Upcycling was trending before the pandemic, but the concept took on a different meaning during the early days of COVID lockdowns last spring. With factories empty, stores closed, and orders canceled, designers found themselves with mountains of inventory and declining sales, an unthinkable combination pre-2020. In many cases, the only feasible way to create a new collection was to use what they already had, whether it was leftover fabrics or overstock; that such practices are inherently sustainable was simply a bonus.
For Tim Kaeding and Lela Becker, the duo behind the Los Angeles denim label Mother, the predicament sped up an idea they’d already been mulling over: a 100% upcycled collection using old or damaged Mother garments. “At first, we were just thinking it would be a great project,” Tim says. “But once COVID happened, it became a necessity. Every store was shut down for months, and suddenly we were stuck with all of this product.” In addition to finished Mother garments, they found rolls of fabric and blankets they’d tested for color or shrinkage, which would typically get thrown away. The designers challenged their production team to cut it all up and re-engineer the garments they had on hand—jeans, denim jackets, cargo pants, T-shirts, sweatshirts, and bandanas. To fill in the blanks, they visited L.A. rag houses, where they were shocked to find “mountains and mountains of extra clothing, some of which has never even been worn,” Tim says. “It really shows you how much excess there is in the industry.”
The result of their experiments is a new capsule launching today, 60% Mother. As the name suggests, Mother garments and textiles account for 60% of the collection, while the remaining 40% come from the rag houses, and each item is 100% one-of-a-kind.

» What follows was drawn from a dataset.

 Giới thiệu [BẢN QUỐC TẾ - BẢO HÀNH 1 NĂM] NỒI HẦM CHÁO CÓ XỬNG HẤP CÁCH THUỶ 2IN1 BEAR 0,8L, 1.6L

There’s a patchwork jumpsuit made of several different pairs of jeans; a cropped sweatshirt Frankenstein’d from two split down the middle; a multi-panel denim midi skirt; a tank dress pieced with scraps of deconstructed cargos; bubble jeans with a drawstring waist from a vintage army sack; and a patchworked tote that smartly reads “save your mother, save yourself.”
“They truly are individual pieces, because everything has to be cut separately and be individually thought through,” Tim explains. “It was a really hands-on process, with a very small group of people working on each piece.”

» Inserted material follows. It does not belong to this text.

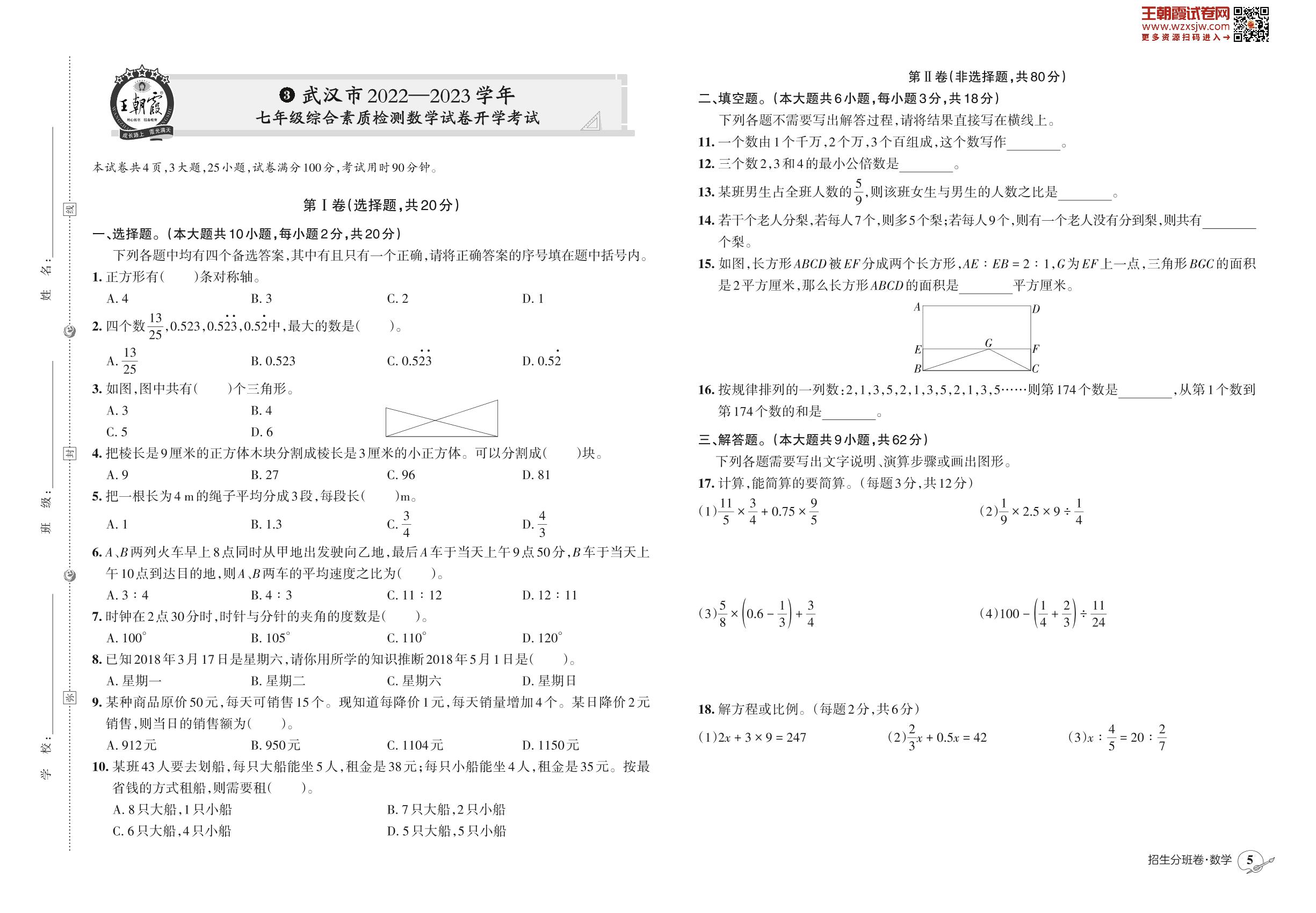 小升初数学武汉市2022—2023学年七年级综合素质检测数学试卷开学考试【3】

With prices starting at $125 and topping out at $520, it’s also a rare example of upcycled fashion that is actually affordable, accessible, and wearable, at least compared to the four-figure items we see on the runways. Tim said they’re hoping to eventually use upcycled materials and garments in every Mother collection going forward. “It’s not only inspiring to work this way, but there’s such a ‘wow’ factor,” he says. “As a consumer, you can address the problem of waste and buy something that is completely unique—how much more fashionable can that be?”